(Work required):
Would you repeat the data below exactly, taking out the images?

Information shown Start Marker

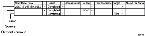 Imprime le « Résultat », le « Statut » et les informations d’entrée du journal de travaux des éléments communs. Lorsqu’il y a plusieurs sources, plusieurs lignes sont imprimées.
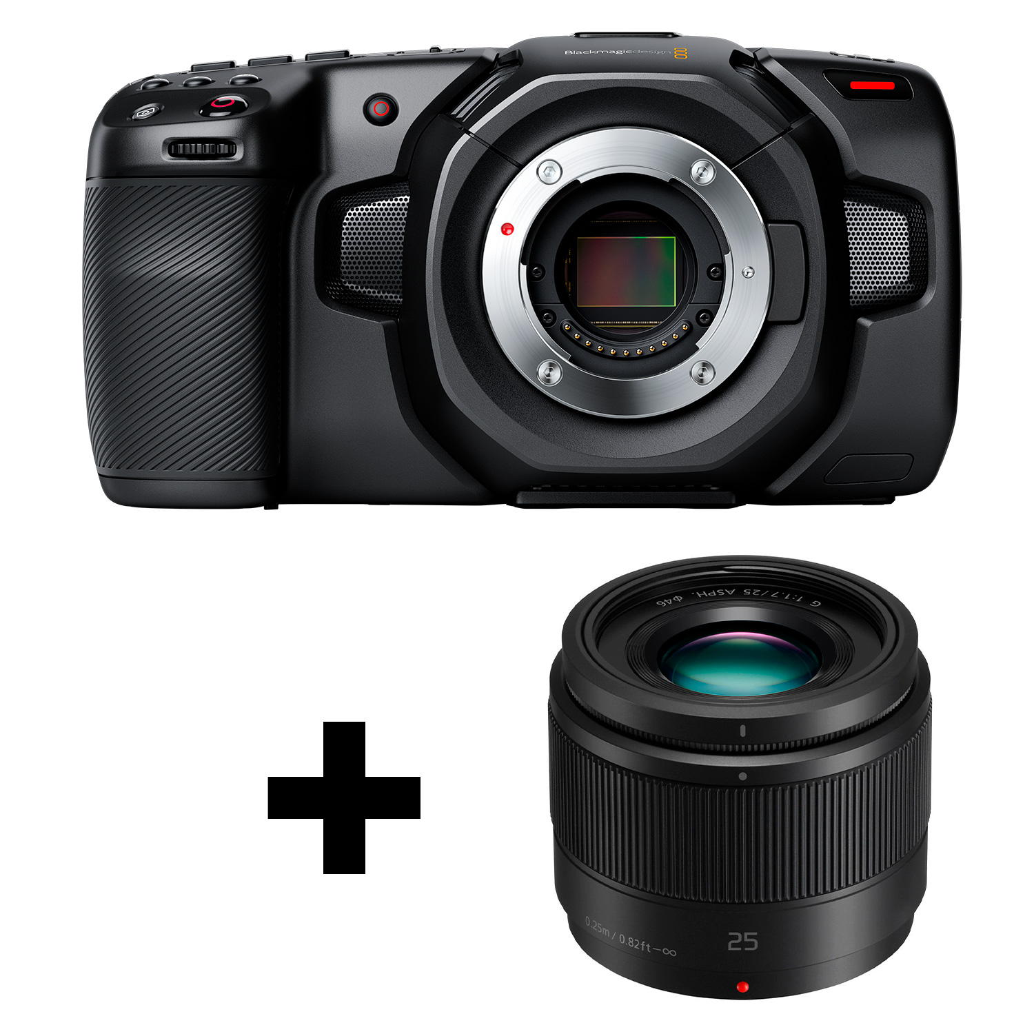 Blackmagic Design Pocket Cinema Camera 4K + Panasonic Lumix G 25mm / f1.7 Asph. Bundle
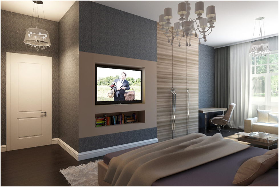 Настенное расположение телевизора также позволяет сэкономить квадратные метры, что особенно важно для небольших спален.
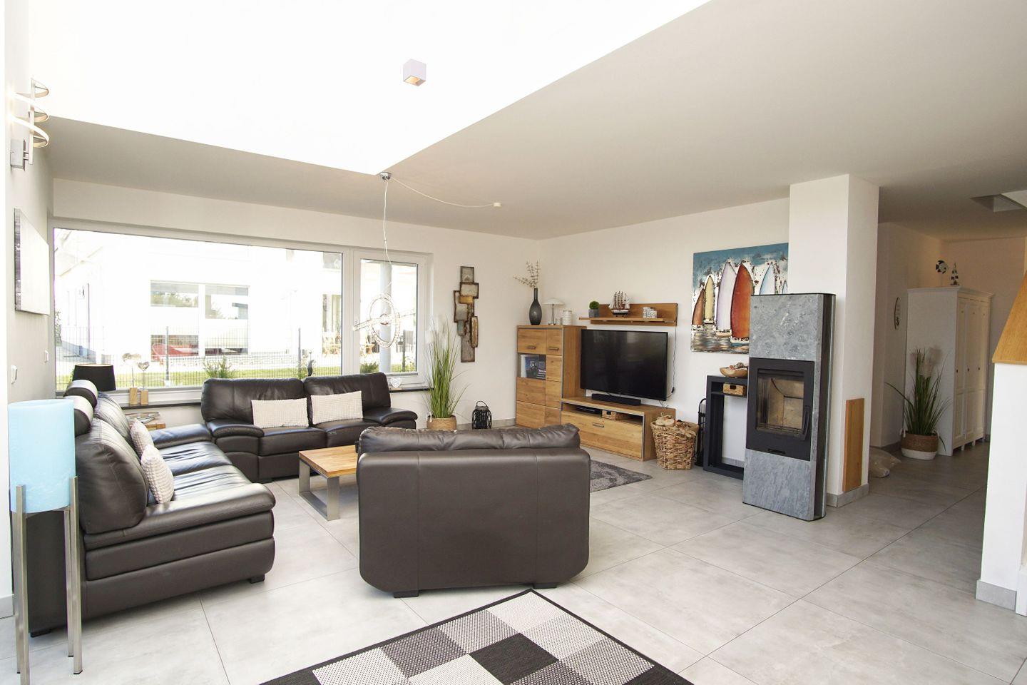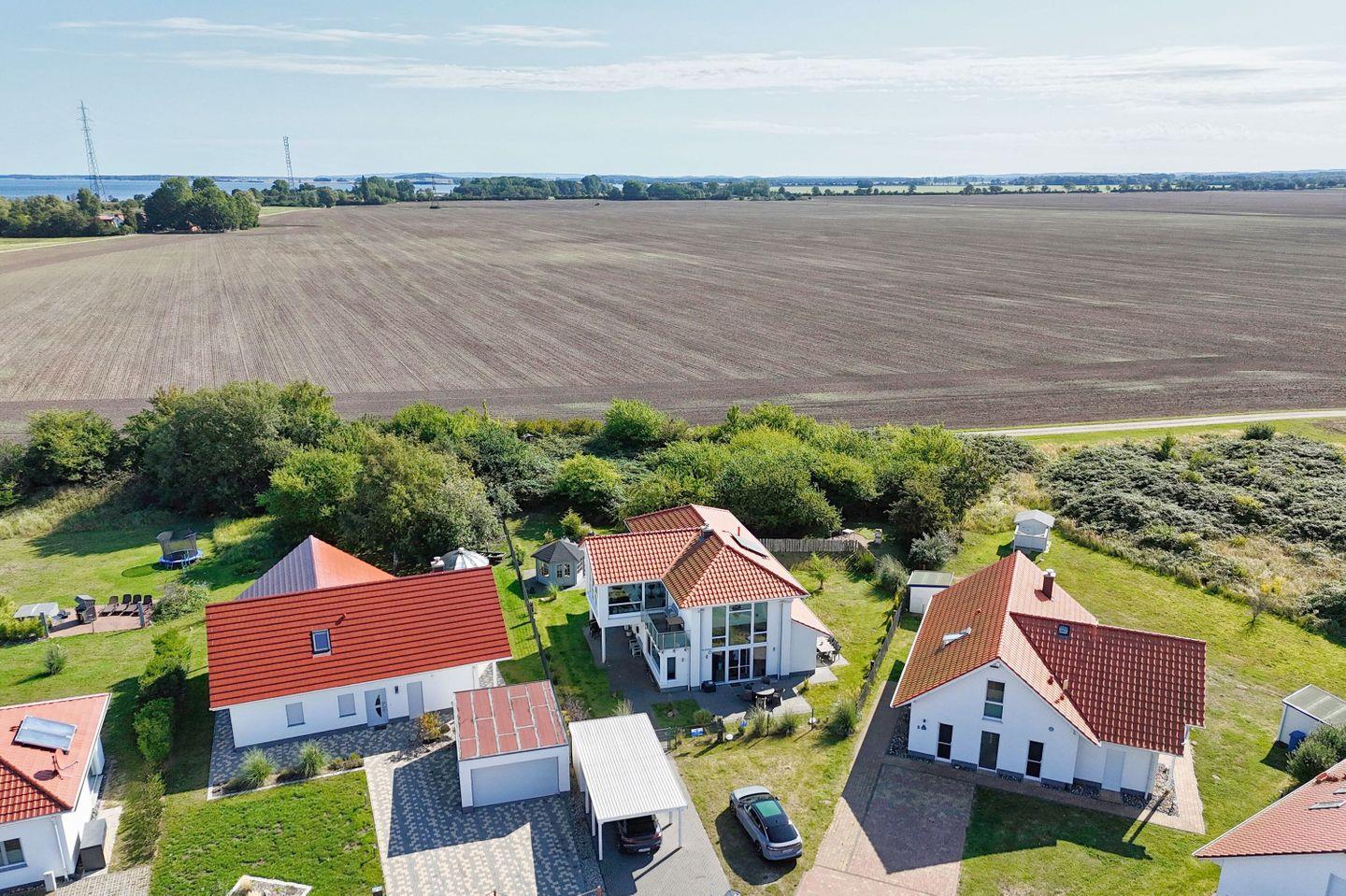 Die im Jahr 2017 errichtete Villa Kristall in Vaschvitz auf der Insel Rügen vereint hochwertige deutsche Massivbauweise mit zeitgemäßem Wohnkomfort. Auf zwei Etagen stehen Ihnen rund 180 Quadratmeter Wohnfläche zur Verfügung – ideal geeignet für bis zu sechs Gäste. Großzügig geschnittene, lichtdurchflutete Räume sowie bodentiefe Panoramafenster schaffen eine freundliche Atmosphäre und eröffnen einen beeindruckenden Blick in die umgebende Natur.

Information shown End Marker

(Answer box):
 Imprime le « Résultat », le « Statut » et les informations d’entrée du journal de travaux des éléments communs. Lorsqu’il y a plusieurs sources, plusieurs lignes sont imprimées.
 Blackmagic Design Pocket Cinema Camera 4K + Panasonic Lumix G 25mm / f1.7 Asph. Bundle
 Настенное расположение телевизора также позволяет сэкономить квадратные метры, что особенно важно для небольших спален.
 Die im Jahr 2017 errichtete Villa Kristall in Vaschvitz auf der Insel Rügen vereint hochwertige deutsche Massivbauweise mit zeitgemäßem Wohnkomfort. Auf zwei Etagen stehen Ihnen rund 180 Quadratmeter Wohnfläche zur Verfügung – ideal geeignet für bis zu sechs Gäste. Großzügig geschnittene, lichtdurchflutete Räume sowie bodentiefe Panoramafenster schaffen eine freundliche Atmosphäre und eröffnen einen beeindruckenden Blick in die umgebende Natur.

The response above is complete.